The issue about allowing same-sex couples to marry is not just a recent topic of conversation. The debate has been around for years and decades, with governments deciding whether or not to give the same-sex couples the right to get legally married. The controversial debate has turned into a major political issue especially in the western countries.
Countries Where Gay Marriage is Legal
Around two dozen countries have legalized gay marriage by passing laws that are to be followed nationwide. The list of those countries is as below:
Being the first country ever to pass legislation allowing same-sex couples to get married, and adopt children the Netherlands became a leading example in the world for many other nations in 2000.
In January of 2003, Belgium officially passed a law to allow same-sex couples to marry and later in 2006, gave them the right to adopt children as well. However, in 20004, the law was amended saying that same-sex couples could marry as long as one partner had lived in Belgium for at least three months.
From 1999, lesbian and gay couples in Canada have had common law marriage rights, but it was not until 2003 when gay marriage was legalized in 9 of the 13 provinces. In 2005, the law allowing gay couples to marry passed nationwide.
In 2005, equal legal rights were given to all married couples no matter their sexual orientation.

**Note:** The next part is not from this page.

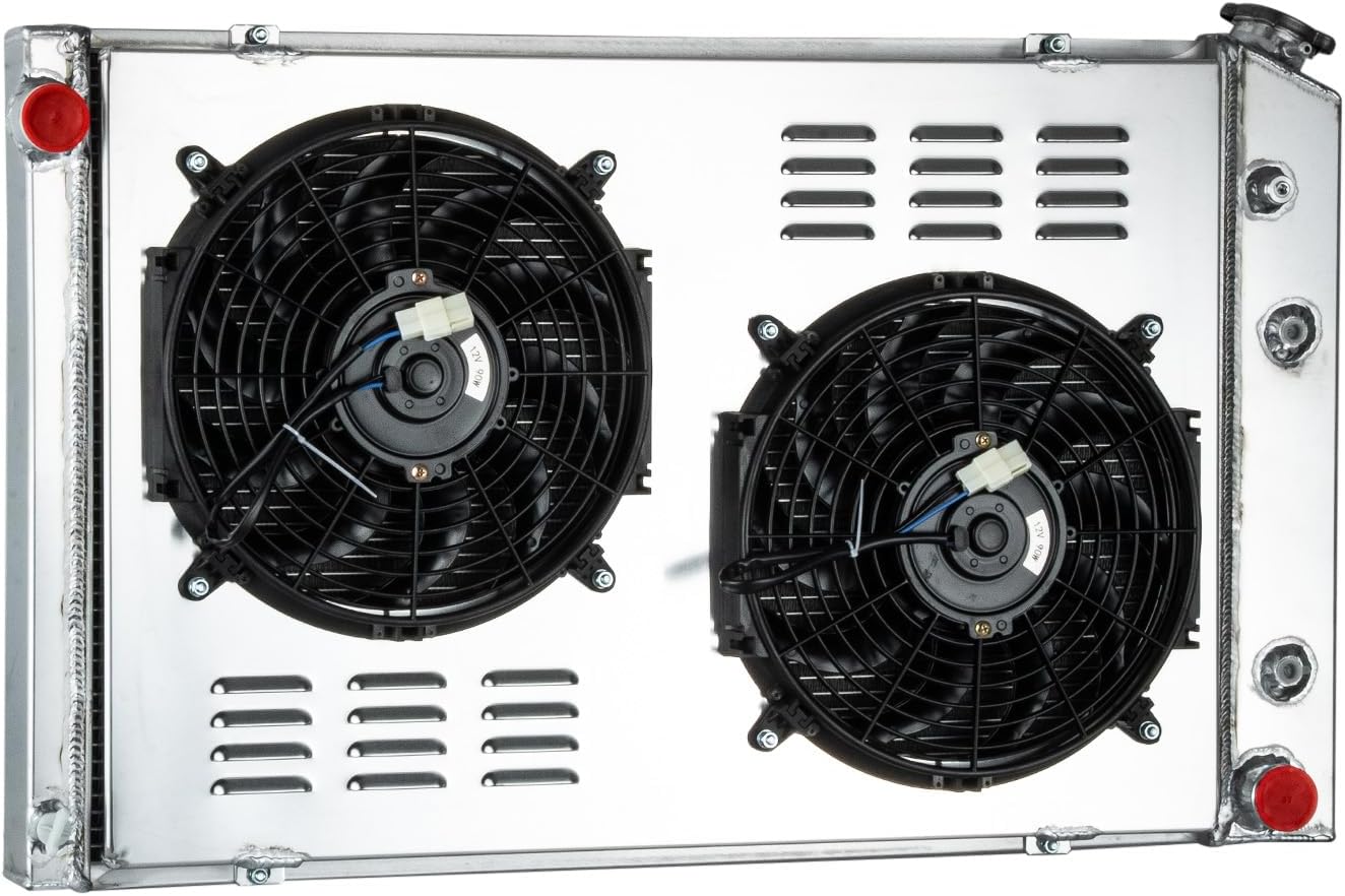 Vehicle Fitment For 1985 1986 1987 Chevy Pickup Truck 19" Core For 1981- 1991 Chevy Truck (21" x 33") For 1973-1991 Chevy Suburban For 1973-1991 Chevy Blazer / Jimmy For 1973-1987 Chevy Pickup Trucks For 1981-1990 GM Truck 5.7 7.4 For 1985 1986 GMC C2500 C3500 K1500 K2500 For 1981-1990 Chevy R Series For 1981-1990 Chevy K Series For Chevy For GMC Blazer Jimmy Suburban For 1973-1987 Chevy Truck, 1973-1991 Blazer (19 x 28-1/4" Core) For 1973-1991 Chevy C/K Series Trucks For 1973-1981 K5 Blazer For 1973-1980 CHEVY C/K SERIES C10/C20/K10 PICKUPManufacturer Part Number: 716,CC716,CU716,RAD716,DPI716,MC716,SBR716,KKS716 Other Part Number: CU844, SPTCU716, 2308, 40385, 0AAS0778, 433716 Interchange Part Number: CU1599, EC716, 1599, B1599, B716, MC716, 1605-37020 Radiator Specification 4 Row of tubes Core Racing Design Mounting Type : Saddle Surface finish: Aircraft 5057 grade aluminum tank & core Petcock Drain: OEM style brass petcock drain Fans Details Maximum Fan CFM: 1730 cfm Fan Diameter (in): 12.050” Thickness (in): 2.500” Number of Blades: 10 blades Maximum Fan RPM: 2,250 rpm Blade Material: Plastic Amp Draw: 12.70 amps Includes the Mounting Tabs for an Easy Zip Tie Installation Thermostat Kit RED + connect directly to battery. WHITE wire to ignition switch power source. BLACK goes to thermos switch. BLUE wire goes to the Fans. Package Include: 1 X 4-Row Aluminum Radiator 1 X Aluminum Shroud 2 X 12" Fans

There was a bit of opposition, but the government ruled out any suits against the national law.
Even though the country legalized marriage rights for gay couples in 2006, the law also permitted religious and civic groups not to accept the same-sex marriages in their community.
Norway has allowed same-sex civil unions since 1993, but in 2008 the country made it legal for lesbian and gay couples to get married, adopt children or even get artificial insemination and fertility treatments.
Civil unions have been allowed for same-sex couples in Sweden since 1995, but gay marriage was not legalized until 2009 by a majority of the vote in the parliament.
In 2010, Argentina claimed the title of being the first country to legalize gay marriage in Latin America even though the law faced some backlash from the Protestant and Catholic Churches of the country.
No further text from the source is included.